(Dataset excerpts)
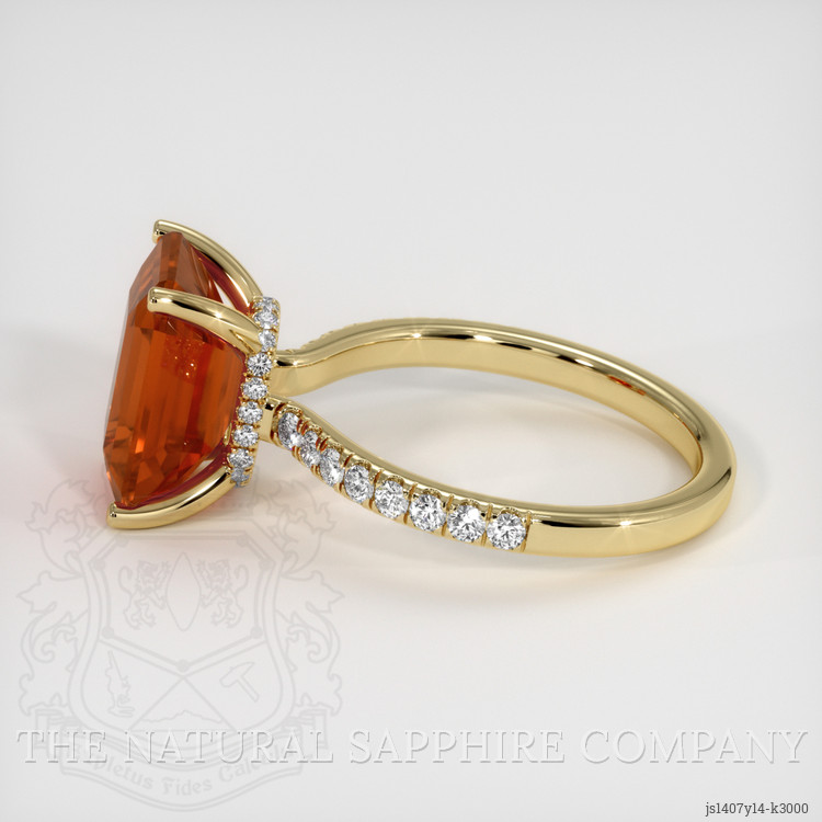 The ring features a beautiful, transparent GIA certified Reddish Orange 4.55 carat emerald cut shape reddish orange grossulargarnet with the dimensions of 11.03 x 8.45 x 5.20 mm and a emerald cut. It has a clarity grade of slightly included (evaluated at eye level), vivid color saturation, and an excellent polish. The origin of this grossulargarnet is Nambia.
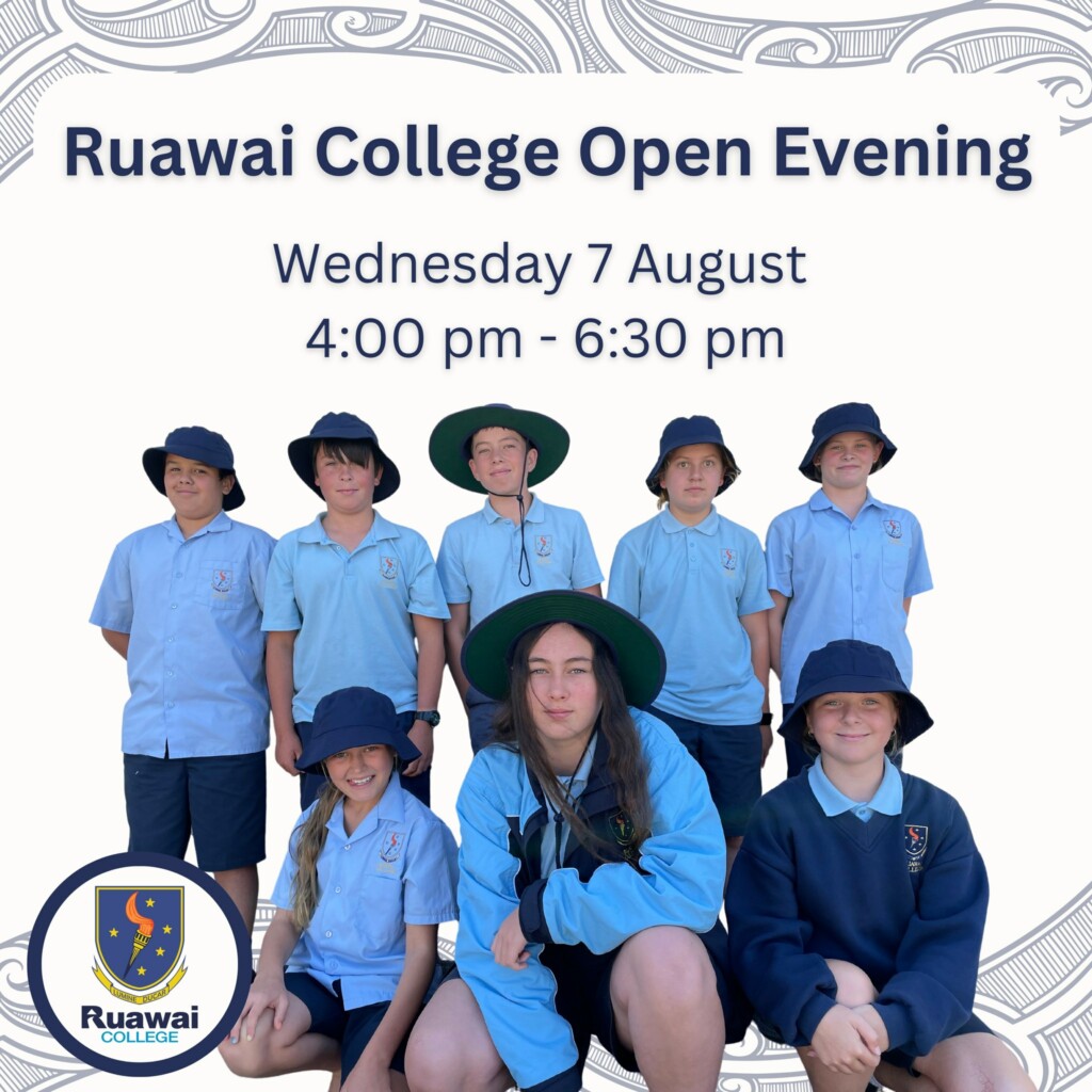 Ruawai College warmly invites you to our Open Evening on Wednesday 7 August 2024, from 4:00 pm to 6:30 pm.
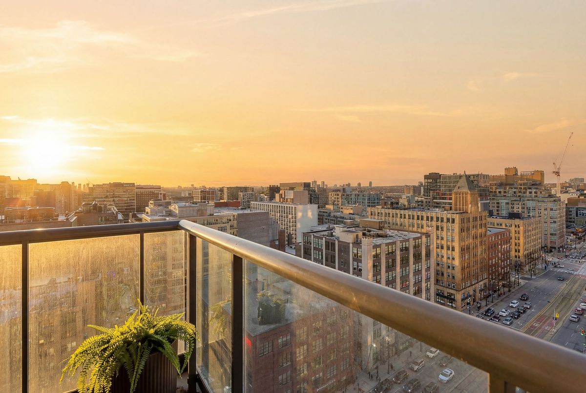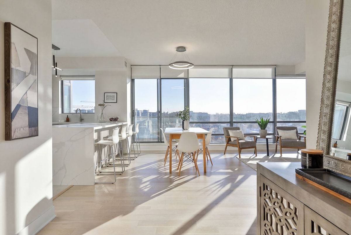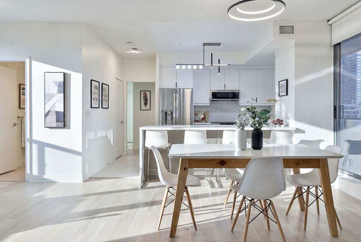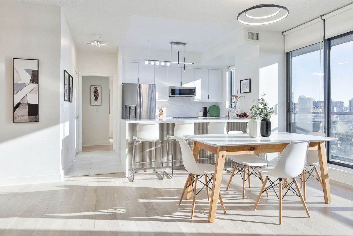 A rare opportunity to own a residence of exceptional quality and luxury in one of King West's most coveted boutique buildings. This meticulously redesigned 2-bedroom, 2-bathroom deluxe corner suite offers an unparalleled living experience with refined, modern finishes throughout. Flooded with natural light, the suite boasts two private balconies with unobstructed panoramic North West of the city and lake-creating a serene backdrop from every room. The open-concept, split-bedroom floor plan is ideal for both everyday living and sophisticated entertaining, featuring elegant flooring, remodeled kitchen, and new finishes throughout. The eat-in kitchen is beautifully appointed with top-of-the-line appliances, an oversized breakfast bar, countertops, and abundant storage-perfect for culinary enthusiasts and entertainers alike. The expansive primary bedroom retreat includes a large closet, walkout to a balcony, and a luxurious five-piece spa-inspired ensuite. The second bedroom offers impressive city views and is ideal for guests, family, or a spacious home office. Rarely does a residence of such style, scale, and sophistication become available in Toronto's vibrant Entertainment District.
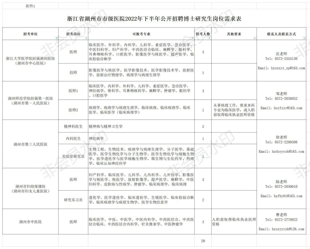 根据《南太湖医疗卫生领军的人才引进实施办法》等有关规定,结合湖州市市级医院实际,现将2022年下半年公开招聘博士研究生的有关事项公告如下:
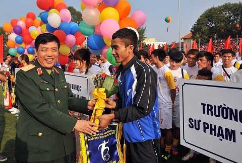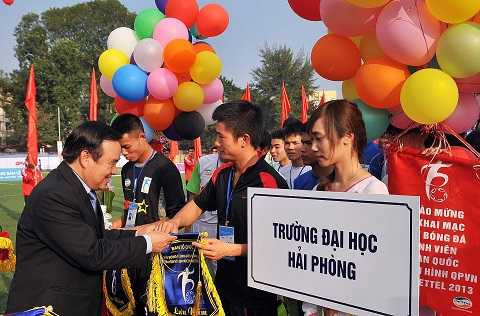 | Thứ trưởng Bộ GDĐT Trần Quang Quý tặng hoa cho các cầu thủ |
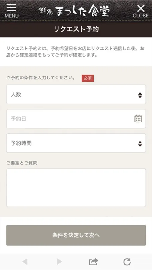 宴会などのお席の日時を指定して送信するだけで予約を依頼できます。
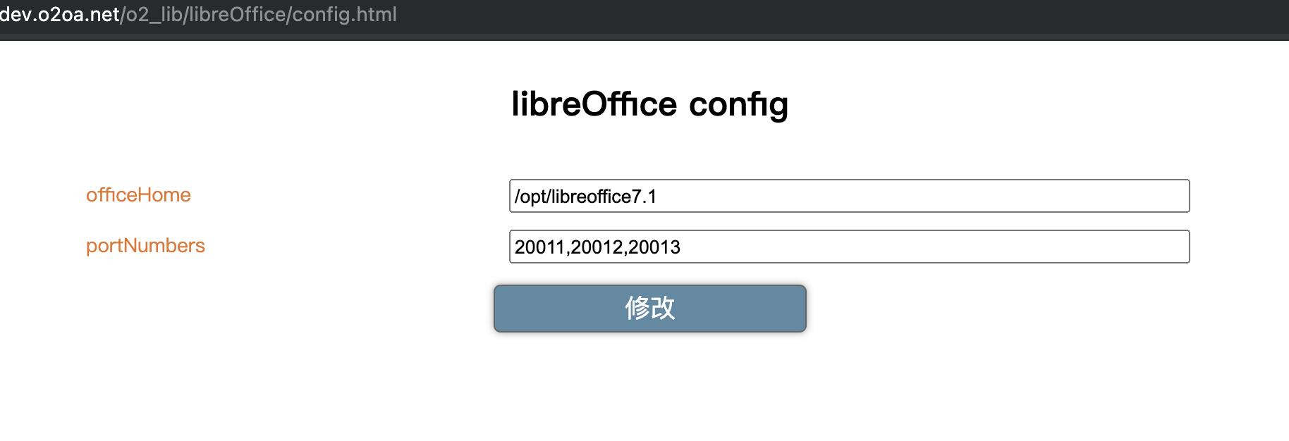 2、配置libreoffice,进入http://*o2server*/o2_lib/libreoffice/config.html,配置officehome(libreoffice安装目录,如:/opt/libreoffice7.1)、portnumbers(o2server与libreoffice连接的端口,默认3个端口:20011,20012,20013)
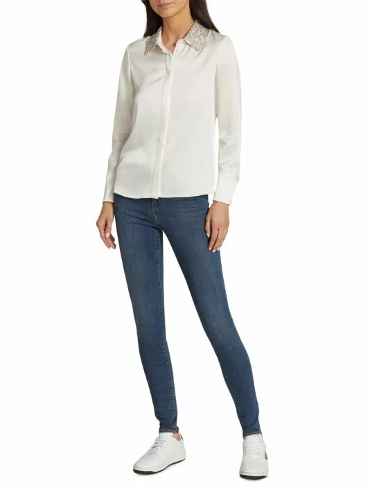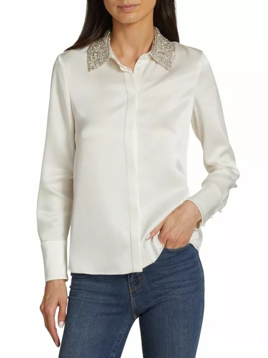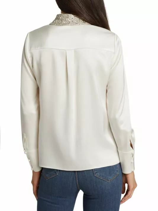 Crafted of satin, the Willa shirt by Alice + Olivia is designed in a classic, slim fit silhouette.

## [TASK DESCRIPTION]
From the line that contains "các cầu thủ |" to the last line of the data above, inclusive, transcribe every line exactly and only those lines, omitting pictures.

## [ANSWER SPACE]
 | Thứ trưởng Bộ GDĐT Trần Quang Quý tặng hoa cho các cầu thủ |
 宴会などのお席の日時を指定して送信するだけで予約を依頼できます。
 2、配置libreoffice,进入http://*o2server*/o2_lib/libreoffice/config.html,配置officehome(libreoffice安装目录,如:/opt/libreoffice7.1)、portnumbers(o2server与libreoffice连接的端口,默认3个端口:20011,20012,20013)
 Crafted of satin, the Willa shirt by Alice + Olivia is designed in a classic, slim fit silhouette.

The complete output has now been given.